Intentó tocar su mentón con suavidad para que alzara el rostro, pero esta vez la muchacha esquivó su mano por instinto. No quiso hacerlo, pero su cuerpo se movió solo. Sus manos aún temblaban. Tenía la sensación asquerosa de que alguien continuaba tocando su cuerpo.
–No te haré daño –susurró, tan cerca que ella pudo ver el brillo de sinceridad en sus ojos verdes. Por primera vez, no la miraba con odio. Aquello tampoco era compasión, sino que parecía empatía–. ¿Puedo…? ¿Prefieres hacerlo tú?
Sin esperar una respuesta, mojó un trozo de algodón con desinfectante y se lo tendió. ¿Por qué…? ¿Por qué a veces era tan amable con ella? ¿Era parte del juego retorcido? ¿Esa mirada preocupada era parte de su plan?
A pesar de sus dudas, o debido a ellas, la muchacha no tomó el algodón.
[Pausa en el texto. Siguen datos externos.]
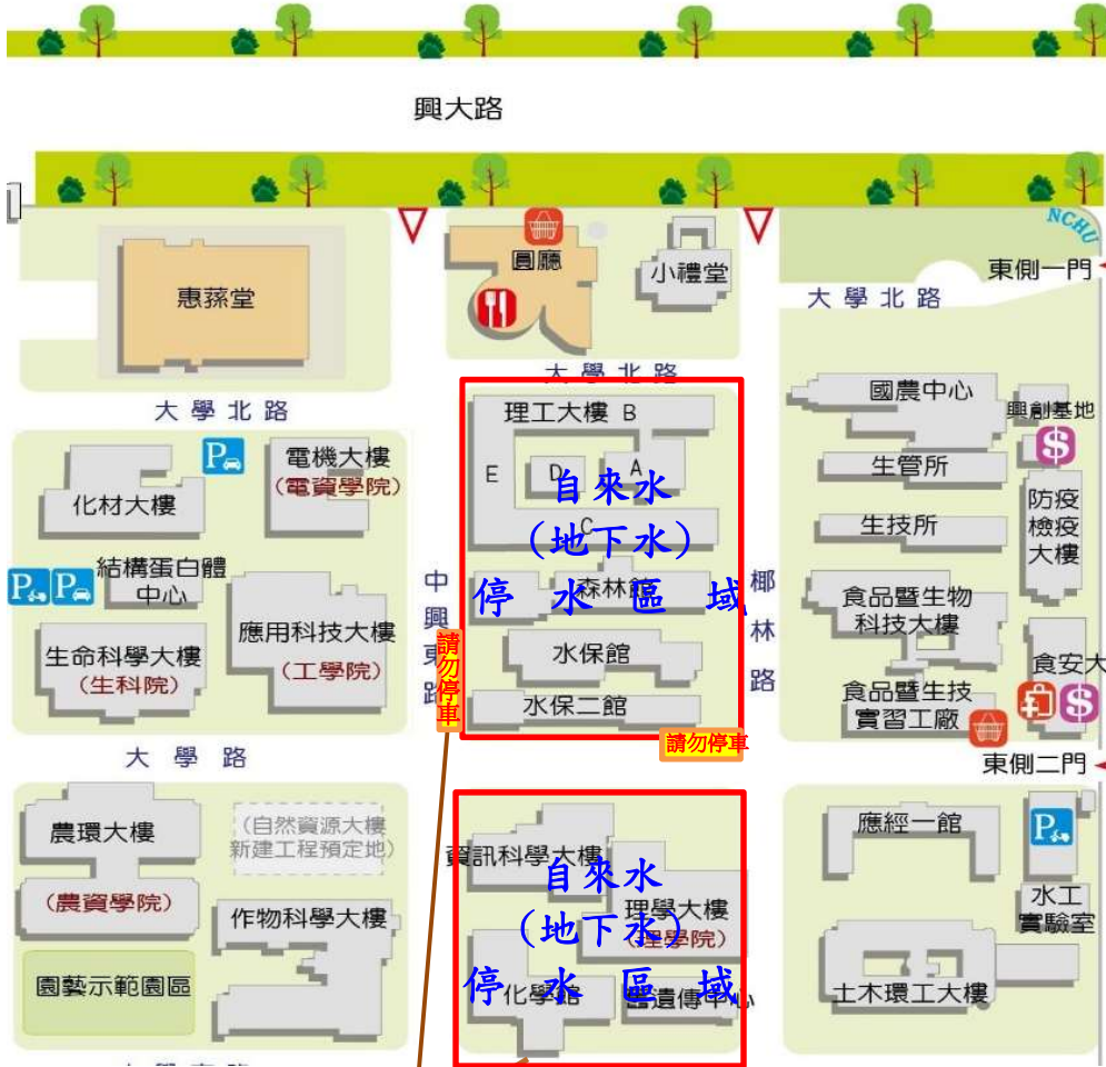
【水保系西側及南側自來水(地下水)管線破裂施工暨停水區域示意圖】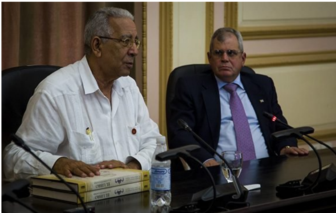
El doctor Eduardo Torres Cuevas y Homero Acosta, secretario del Consejo de Estado.

Estuvieron presentes en la actividad el Presidente de la Asamblea Nacional, Esteban Lazo, el primer vicepresidente Salvador Valdés Mesa; así como integrantes de la Comisión Redactora de la Constitución.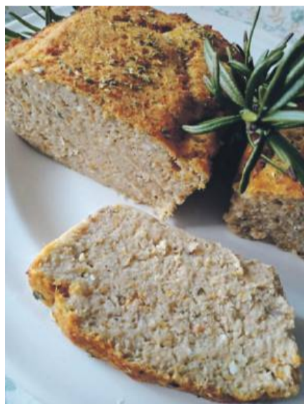
Wspaniale jest zaskoczyć gości przy świątecznym stole czymś tradycyjnym w nowej odsłonie.

wa: marchewki, seler, por i cebulę wkładamy do garnka. Zalewamy wodą, dodajemy liście laurowe, ziele angielskie i sól. Wszystko gotujemy al dente . Pod koniec gotowania warzyw, dodajemy oczyszczone i umyte karpie bez głowy, pokrojone w dzwonki. Gotujemy razem ok. 10 min. Rybę i warzywa wyjmujemy i studzimy. W tym czasie gotujemy dwa jajka na twardo, bułkę moczymy w mleku, rozpuszczamy masło i odstawiamy do wystygnięcia.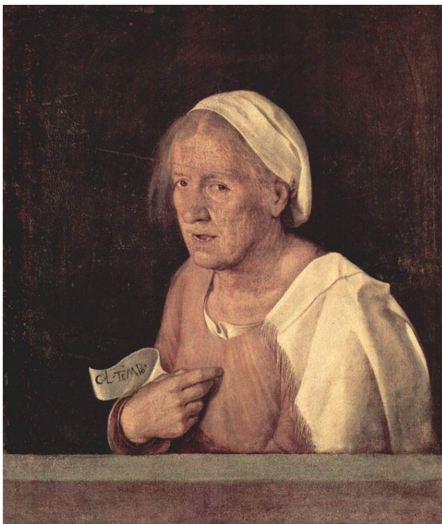
Kuva 4: La Vecchia, Giorgione, v.1510

Ajan vanhuskuvasta ja vanhuuden kuvaamisesta maalauksen keinoin kertoo hyvin aikansa ikoninen taulu sekä aikakautensa kuuluisin vanhuutta käsittelevä maalaus nimeltä La Vecchia . Sen on maalannut renessanssin ajan venetsialainen maalari Giorgione (s.1478). Kuvassa alempaan luokkaan kuuluva vanhempi nainen poseeraa kaiteen takana. Hän katsoo suoraan katsojaan, suu aukinaisena. Hänellä on kädessään banderolli, jossa on teksti: "Col tempo", mikä suomentuu "ajan kanssa". Tällä Giorgione luultavasti pilkkaa ihmisten turhamaisuutta ja lähettää viestin, että jokainen kaunis kasvo rypistyy ja kellastuu ajan myötä.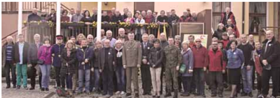
XXXI Seminarium Krajoznawcze Wojska Polskiego „Fortyfikacje Polski Zachodniej” – 2017 r.

Największą popularnością wśród naszych członków cieszą się imprezy rowerowe, spacery Nordic Walking, rajdy samochodowe i autokarowe podróże wojskowo-historyczne. Zorganizowaliśmy również imprezy turystyczne, ogólnopolskie: „Złot Przodowników Turystyki Kolarskiej” – 1997 r., XXXIII Centralny Złot Turystów Wojska Polskiego „Ziemia Lubuska – 2004” i XXXI Seminarium Krajoznawcze Wojska Polskiego „Fortyfikacje Polski Zachodniej” – 2017r.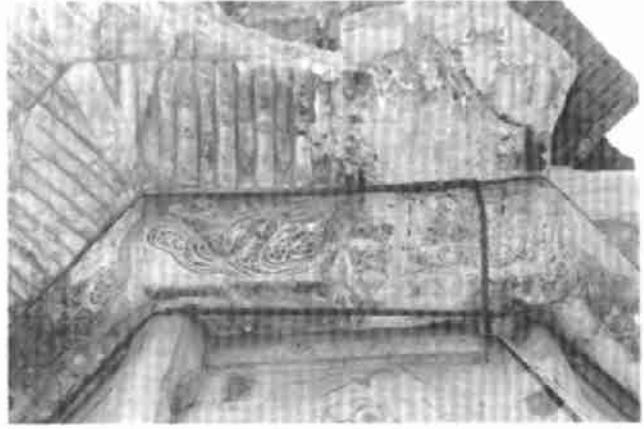
图版 37 飞天 南京栖霞寺舍利塔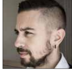
Argun Tanrıverdi Endüstriyel Tasarımı Bölümü // Dept. of Industrial Design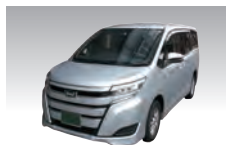
霊身送り 2回 (10km未済)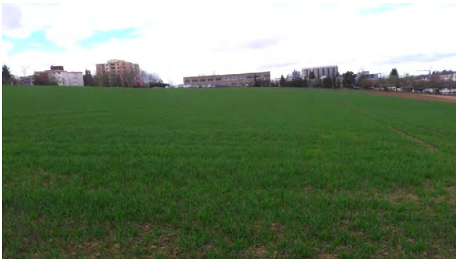
Abb. 3: Blick aus Osten in Richtung Marbach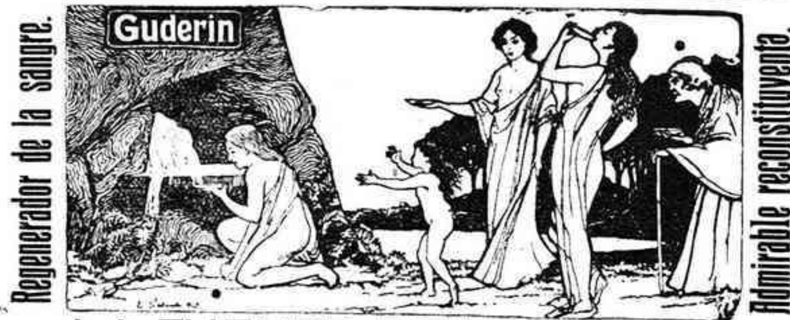
Regenerador de la sangre.

NOTA.—Fijarse en el rótulo anunciador colocado sobre la puerta del despacho, que estará abierto todos los días hasta las doce.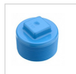
TAPA TORNILLO HE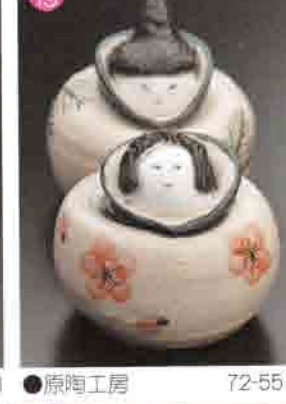
19 原陶工房 72-5511

Era un impulso demasiado fuerte, que no comprendía. Quería que lo hiciera él.
Quería que la tocara.
Enzo la observó como si intentara leer detrás de sus ojos. ¿Podía hacerlo? Daniela esperaba que no. Porque ni siquiera ella sabía lo que podía encontrar detrás de sus ojos. Se limitó a alzar el mentón imperceptiblemente, sin decir nada, mientras el silencio se volvía más estruendoso. Y el aire, más denso.
La miró por un rato, sin hablar, buscando algo en sus ojos oscuros. Y entonces se acercó, despacio. Hundió el rostro en su cuello para ver la herida, tan cerca que ella pudo sentir su respiración en la piel.
Tan cerca que su boca podría haberla besado.